Yung Sai-Shing obtained his doctoral degree from the Department of East Asian Studies, Princeton University. Specializing on pre-modern Chinese drama, he has been teaching in the National University of Singapore since 1991. His research interests include socio-cultural history of Cantonese opera/music, Chinese opera in Singapore, Chinese sound culture, Cultural Cold War in Asia, Hong Kong pulp fiction and dialect cinema after World War II. His publications include Cantonese Opera from the Gramophone: a Cultural History (1903-1953) (Hong Kong, Cosmos Press, 2006); From Red Boat to Silver Screen: Visual and Sonic Culture of Cantonese Opera (Hong Kong: Oxford University Press, 2012); A Study on the Taiping Theatre Collection (Hong Kong: Hong Kong Heritage Museum, 2015).
Ana Catarina Leite
Ana Catarina Leite is a PhD student at the Chinese Studies department of NUS working on film production in Macau from the post World War II period until the mid-1970s. She is particularly looking at the links between film production in Macau and the attempt to legitimize Portuguese presence in that territory during a time of decolonization. Prior to that, she graduated from SOAS, University of London, with a BA in Chinese and Social Anthropology, and an MA in Chinese Studies.
Panel Five Speakers
Evelyn Shih is a scholar of Chinese and Korean literatures, media, and cultures. She is currently an Assistant Professor of Chinese at the University of Colorado-Boulder. Her work has received the support of the Fulbright Program, the American Council of Learned Societies, Academia Sinica, and the Korea Foundation. She has published in the Journal of Chinese Cinemas, Room One Thousand, and the Journal of Korean Studies, and she is working on a book project titled The Cold War Comic: Power and Laughter in Taiwan and South Korea, 1948-1979.
Yeo Min Hui
Yeo Min Hui is funded by Nanyang Technological University to read a DPhil programme in Chinese Studies at the University of Oxford. Her current project focuses on the connections and relationships forged between the Malay- and Chinese-language cinemas and film industries (1960s-1980s). She has most recently co-edited a biography of Amoy-dialect film star Chong Sit Fong entitled Xue Ni Fang Zong Zhuang Xuefang 雪霓芳踪莊雪芳(Singapore: Lingzi Media, 2017).
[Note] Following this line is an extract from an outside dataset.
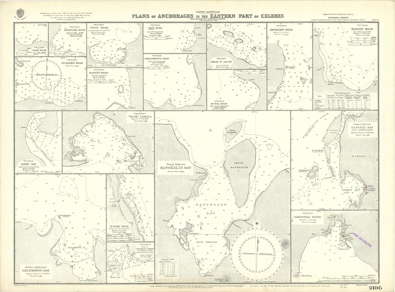 Plans of Anchorages in the Eastern part of Celebes From Netherlands Government surveys with corrections to 1930 - Magnetic Variation in 1930, nearly stationary. In the left side of the chart insert of Sabo Road, Balingara Road, Poso Road, Bualemo Road, Banano Road, Tambu Bay, Telok Lamala, Lelomping Bay, Bungku Road and Tilamuta Harb.r with additions by A.E. Hart. In the middle part insert of Tojo Road, Tobelombangi Road, Ampat I.s Anch. e, Bunta Road and Bangkalan Bay. In the right side insert of Ampibabo Road, Mapane Road, Banggai Bay and approaches, Gorontalo River. London Published at the Admiralty 21st Feb. 1893, under the Superintendence of Captain W.J.L. Wharton, Hydrographer. Small corrections. Autore: Admiralty Charts. Luogo: Indonesia - Celebes Sea. Anno: '900. Dimensioni: 464x646 mm

Christina Klein is a cultural historian of the Cold War who teaches in the English Department at Boston College. She is the author of Cold War Orientalism: Asia in the Middlebrow Imagination, 1945 – 1961 (2003) and Cold War Cosmopolitanism: Period Style in 1950s Korean Cinema (2020). Her articles on Korean and Asian cinema have been published in the Journal of Korean Studies, Transnational Cinemas, American Quarterly, Journal of Chinese Cinemas, Comparative American Studies, and Cinema Journal.